[Dataset records]

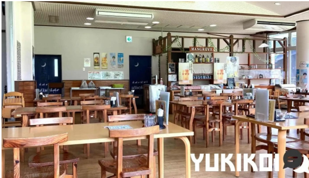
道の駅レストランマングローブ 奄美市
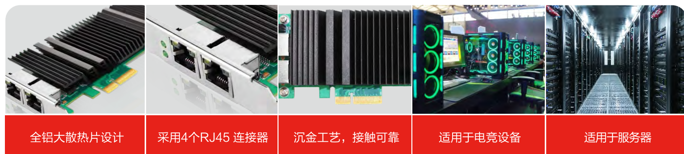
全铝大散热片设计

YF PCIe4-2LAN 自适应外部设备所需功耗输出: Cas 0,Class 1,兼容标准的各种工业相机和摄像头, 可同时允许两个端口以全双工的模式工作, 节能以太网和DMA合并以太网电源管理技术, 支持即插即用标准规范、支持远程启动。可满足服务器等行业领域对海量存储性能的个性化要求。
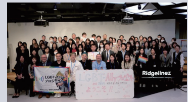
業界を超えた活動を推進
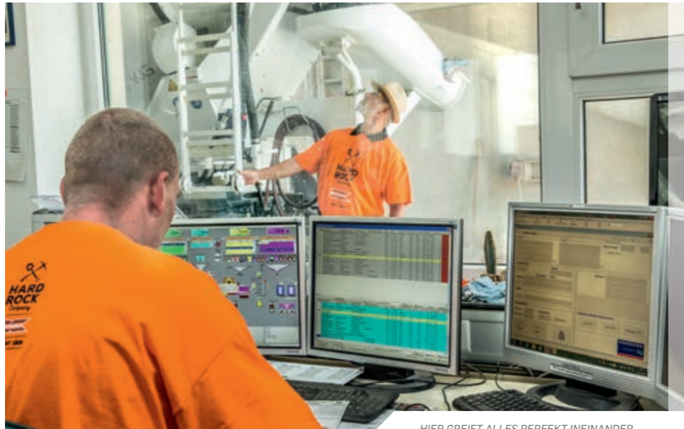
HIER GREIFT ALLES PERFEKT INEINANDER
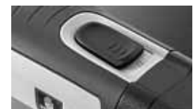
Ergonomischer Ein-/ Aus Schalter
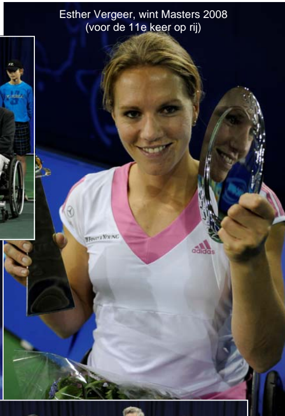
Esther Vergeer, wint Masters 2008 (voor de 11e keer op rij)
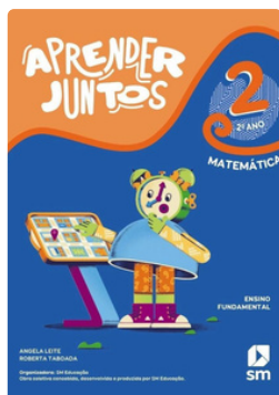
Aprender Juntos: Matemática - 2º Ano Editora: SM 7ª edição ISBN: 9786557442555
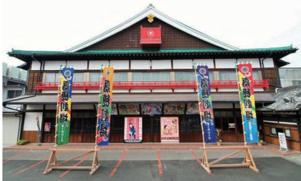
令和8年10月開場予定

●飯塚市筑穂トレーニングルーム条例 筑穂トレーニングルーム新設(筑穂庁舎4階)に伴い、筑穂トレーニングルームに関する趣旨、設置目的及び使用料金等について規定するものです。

### Assignment
Write the lines from the line containing "HIER GREIFT ALLES PERFEKT INEINANDER" through the last line of the data out again exactly, and only those lines; pictures stay out.

### Task response
HIER GREIFT ALLES PERFEKT INEINANDER
Ergonomischer Ein-/ Aus Schalter
Esther Vergeer, wint Masters 2008 (voor de 11e keer op rij)
Aprender Juntos: Matemática - 2º Ano Editora: SM 7ª edição ISBN: 9786557442555
令和8年10月開場予定

●飯塚市筑穂トレーニングルーム条例 筑穂トレーニングルーム新設(筑穂庁舎4階)に伴い、筑穂トレーニングルームに関する趣旨、設置目的及び使用料金等について規定するものです。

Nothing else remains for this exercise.